=== WHAT IS NEEDED ===
Starting at the first line of the data below, retype every line up to and including the one containing "Microscopio tedesco con".

(EXTRACTED INFORMATION Opens)

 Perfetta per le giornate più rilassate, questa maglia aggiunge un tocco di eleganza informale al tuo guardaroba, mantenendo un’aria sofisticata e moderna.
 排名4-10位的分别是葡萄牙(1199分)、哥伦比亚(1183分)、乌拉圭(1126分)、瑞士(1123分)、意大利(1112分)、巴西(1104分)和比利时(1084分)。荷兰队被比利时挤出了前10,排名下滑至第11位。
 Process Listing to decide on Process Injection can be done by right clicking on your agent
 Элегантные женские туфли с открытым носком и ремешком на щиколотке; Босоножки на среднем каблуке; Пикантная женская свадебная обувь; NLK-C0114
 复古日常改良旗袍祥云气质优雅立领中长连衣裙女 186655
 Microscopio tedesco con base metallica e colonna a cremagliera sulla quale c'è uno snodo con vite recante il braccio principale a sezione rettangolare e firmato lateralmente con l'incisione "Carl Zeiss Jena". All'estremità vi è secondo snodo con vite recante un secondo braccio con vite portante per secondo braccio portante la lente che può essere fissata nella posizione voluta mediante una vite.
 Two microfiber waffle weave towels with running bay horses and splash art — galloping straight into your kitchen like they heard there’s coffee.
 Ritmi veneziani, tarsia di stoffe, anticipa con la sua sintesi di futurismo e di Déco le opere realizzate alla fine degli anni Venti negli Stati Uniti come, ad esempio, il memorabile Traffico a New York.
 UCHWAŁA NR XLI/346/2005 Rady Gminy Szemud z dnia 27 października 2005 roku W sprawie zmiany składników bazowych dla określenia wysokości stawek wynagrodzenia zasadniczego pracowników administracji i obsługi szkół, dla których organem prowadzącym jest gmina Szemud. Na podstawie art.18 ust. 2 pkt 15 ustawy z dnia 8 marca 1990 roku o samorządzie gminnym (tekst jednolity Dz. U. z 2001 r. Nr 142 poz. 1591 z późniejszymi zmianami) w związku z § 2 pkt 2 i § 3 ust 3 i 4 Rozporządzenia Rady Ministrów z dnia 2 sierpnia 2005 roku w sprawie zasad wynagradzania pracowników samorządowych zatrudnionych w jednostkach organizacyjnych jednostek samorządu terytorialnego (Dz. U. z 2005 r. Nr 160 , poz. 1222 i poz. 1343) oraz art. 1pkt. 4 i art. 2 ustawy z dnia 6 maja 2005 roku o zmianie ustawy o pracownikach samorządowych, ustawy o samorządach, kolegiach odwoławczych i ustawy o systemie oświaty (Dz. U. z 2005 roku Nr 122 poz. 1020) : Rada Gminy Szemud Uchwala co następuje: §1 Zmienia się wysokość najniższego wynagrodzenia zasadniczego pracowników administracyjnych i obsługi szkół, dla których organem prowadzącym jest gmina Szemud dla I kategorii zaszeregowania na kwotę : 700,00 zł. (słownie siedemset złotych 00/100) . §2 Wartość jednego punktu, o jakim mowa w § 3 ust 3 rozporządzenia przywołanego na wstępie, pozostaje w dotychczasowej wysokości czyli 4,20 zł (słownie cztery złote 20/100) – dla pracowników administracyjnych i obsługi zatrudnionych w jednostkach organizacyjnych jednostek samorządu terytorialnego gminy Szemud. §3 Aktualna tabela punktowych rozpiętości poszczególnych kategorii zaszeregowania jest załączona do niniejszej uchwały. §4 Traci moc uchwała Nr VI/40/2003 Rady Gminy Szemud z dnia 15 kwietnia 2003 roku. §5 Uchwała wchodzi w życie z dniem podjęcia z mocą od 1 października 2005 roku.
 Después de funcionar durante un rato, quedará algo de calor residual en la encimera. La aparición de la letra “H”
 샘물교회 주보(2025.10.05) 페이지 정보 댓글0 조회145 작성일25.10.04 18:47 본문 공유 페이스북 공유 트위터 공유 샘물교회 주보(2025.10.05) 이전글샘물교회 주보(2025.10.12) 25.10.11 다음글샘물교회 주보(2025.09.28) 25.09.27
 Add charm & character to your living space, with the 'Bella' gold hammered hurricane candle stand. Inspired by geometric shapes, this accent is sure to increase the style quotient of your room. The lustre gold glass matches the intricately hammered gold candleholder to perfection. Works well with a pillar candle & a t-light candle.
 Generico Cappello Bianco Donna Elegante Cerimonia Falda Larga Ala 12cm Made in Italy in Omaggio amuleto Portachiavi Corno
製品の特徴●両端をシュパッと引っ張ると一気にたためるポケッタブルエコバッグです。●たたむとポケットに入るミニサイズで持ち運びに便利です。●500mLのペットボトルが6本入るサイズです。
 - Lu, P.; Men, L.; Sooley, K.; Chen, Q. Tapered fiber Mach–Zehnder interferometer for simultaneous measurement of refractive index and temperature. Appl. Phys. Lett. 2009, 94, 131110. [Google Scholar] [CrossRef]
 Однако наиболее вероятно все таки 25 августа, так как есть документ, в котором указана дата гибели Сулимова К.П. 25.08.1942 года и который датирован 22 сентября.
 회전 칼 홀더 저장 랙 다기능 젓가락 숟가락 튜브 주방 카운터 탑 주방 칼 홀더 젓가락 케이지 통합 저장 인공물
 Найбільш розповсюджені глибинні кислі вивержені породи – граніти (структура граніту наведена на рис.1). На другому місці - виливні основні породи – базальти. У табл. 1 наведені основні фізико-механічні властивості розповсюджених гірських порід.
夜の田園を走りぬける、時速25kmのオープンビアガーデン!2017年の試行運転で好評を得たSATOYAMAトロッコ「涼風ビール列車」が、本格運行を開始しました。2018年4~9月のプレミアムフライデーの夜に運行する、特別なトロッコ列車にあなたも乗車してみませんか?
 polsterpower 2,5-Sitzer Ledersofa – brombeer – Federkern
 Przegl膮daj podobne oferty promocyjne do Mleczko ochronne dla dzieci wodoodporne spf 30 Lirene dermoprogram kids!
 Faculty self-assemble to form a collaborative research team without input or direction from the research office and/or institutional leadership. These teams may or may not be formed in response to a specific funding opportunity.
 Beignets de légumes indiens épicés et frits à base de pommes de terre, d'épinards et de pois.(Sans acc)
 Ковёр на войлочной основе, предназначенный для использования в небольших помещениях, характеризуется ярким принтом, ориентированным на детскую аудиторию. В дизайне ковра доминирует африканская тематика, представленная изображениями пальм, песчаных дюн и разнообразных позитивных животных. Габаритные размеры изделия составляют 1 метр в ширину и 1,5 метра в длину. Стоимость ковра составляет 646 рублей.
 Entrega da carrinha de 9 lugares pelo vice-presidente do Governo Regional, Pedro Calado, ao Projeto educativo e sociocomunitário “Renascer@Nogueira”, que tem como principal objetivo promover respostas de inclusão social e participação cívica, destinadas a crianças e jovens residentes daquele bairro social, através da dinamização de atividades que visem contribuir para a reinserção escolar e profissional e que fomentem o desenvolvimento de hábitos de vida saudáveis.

(EXTRACTED INFORMATION Closes)

=== RESPONSE AREA ===
 Perfetta per le giornate più rilassate, questa maglia aggiunge un tocco di eleganza informale al tuo guardaroba, mantenendo un’aria sofisticata e moderna.
 排名4-10位的分别是葡萄牙(1199分)、哥伦比亚(1183分)、乌拉圭(1126分)、瑞士(1123分)、意大利(1112分)、巴西(1104分)和比利时(1084分)。荷兰队被比利时挤出了前10,排名下滑至第11位。
 Process Listing to decide on Process Injection can be done by right clicking on your agent
 Элегантные женские туфли с открытым носком и ремешком на щиколотке; Босоножки на среднем каблуке; Пикантная женская свадебная обувь; NLK-C0114
 复古日常改良旗袍祥云气质优雅立领中长连衣裙女 186655
 Microscopio tedesco con base metallica e colonna a cremagliera sulla quale c'è uno snodo con vite recante il braccio principale a sezione rettangolare e firmato lateralmente con l'incisione "Carl Zeiss Jena". All'estremità vi è secondo snodo con vite recante un secondo braccio con vite portante per secondo braccio portante la lente che può essere fissata nella posizione voluta mediante una vite.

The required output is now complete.